Sweet potato (Ipomoea batatas L.) shoot tips grown in vitro were successfully cryopreserved by encapsulation-vitrification. Encapsulated explants are very easily manipulated, due to the relatively large size of the alginate beads, and a large number of samples can be treated simultaneously. In this study, the effects of sucrose preculture, cryoprotectant preculture, and post-warm recovery media on regrowth, following liquid nitrogen (LN) exposure, were investigated to establish an efficient encapsulation-vitrification protocol for sweet potato. Shoot tips of plants grown in vitro were precultured in 0.3 M sucrose for 2 d before encapsulation.

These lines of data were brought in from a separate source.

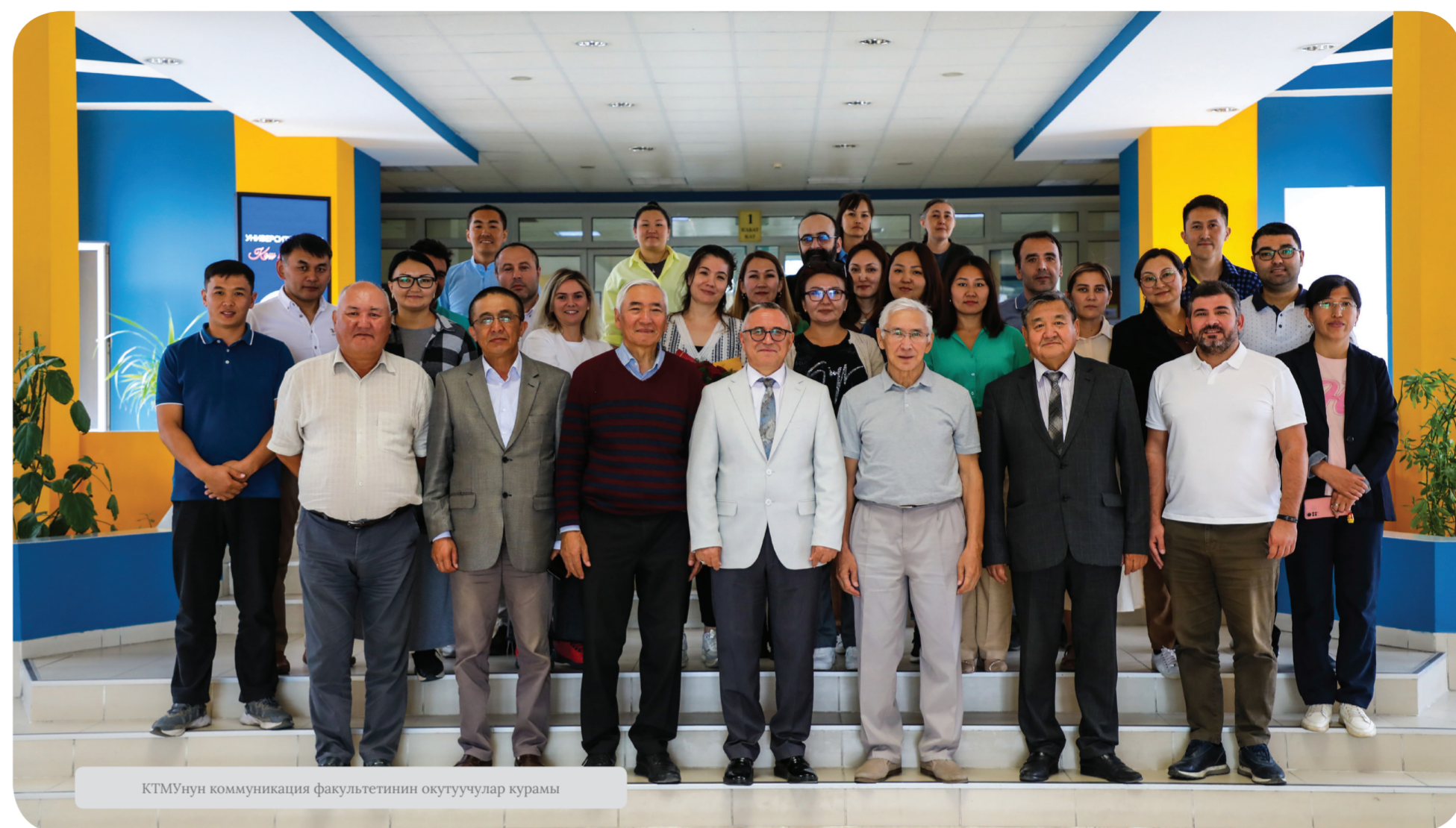
КТМУнун коммуникация факультетинин окутуучулар курамы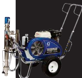
DUTYMAX™ GH230DI STANDARD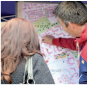
Bürgerbeteiligung vor Ort; „Open-Air-Dialog“ Roder- bruchmarkt, 30. Mai 2015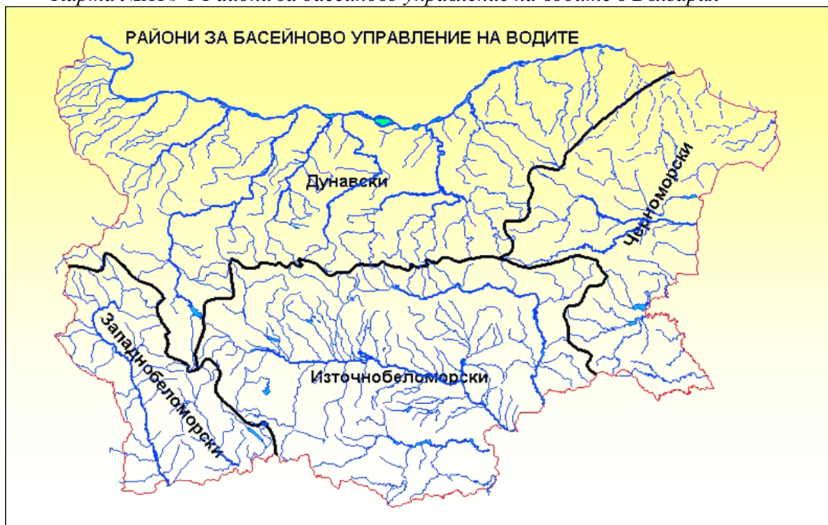
Карта №А10-1 Райони за басейново управление на водите в България

За управление на принципа на речните в басейни в РБългария са определени четири района за речно басейново управление.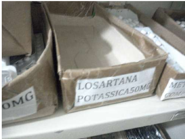
16.19. Farmácia 05 - Falta losartana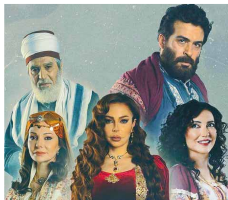
من مسلسل «مربى الجن»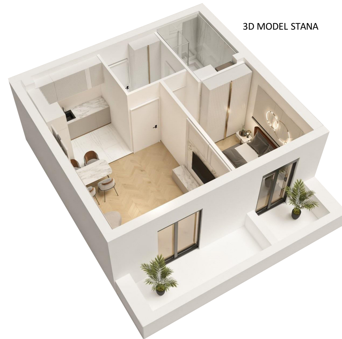
3D MODEL STANA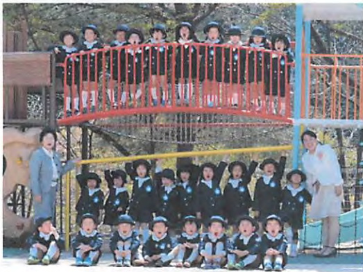
平成 28 年度年長児 あやめぐみ

Encapsulated shoot tips were pre-incubated in liquid MS (Murashige and Skoog) medium containing 0.5 M sucrose for 16 h, before preculturing in sucrose-enriched medium (0.7 M sucrose) for 8 h. Shoot tips were osmoprotected with 35% plant vitrification solution 3 (PVS3) for 3 h, before being dehydrated with PVS3 for 2 h at $25^{\circ}C$. The encapsulated and dehydrated shoot tips were transferred to 2 mL cryotubes, suspended in 0.5 mL PVS3, and plunged directly into liquid N. High levels of shoot formation were obtained for the cv. Yeulmi (65.7%) and Yeonwhangmi (80.3%). The regrowth rates of cryopreserved samples in Yeulmi (78.9%) and Yeonwhangmi (91.3%), following culture on ammonium-free MS medium for 5 d, were much higher than those cultured on standard MS medium (65.7% and 80.3%, respectively). This encapsulation-vitrification is a promising method for the long-term preservation of sweet potato.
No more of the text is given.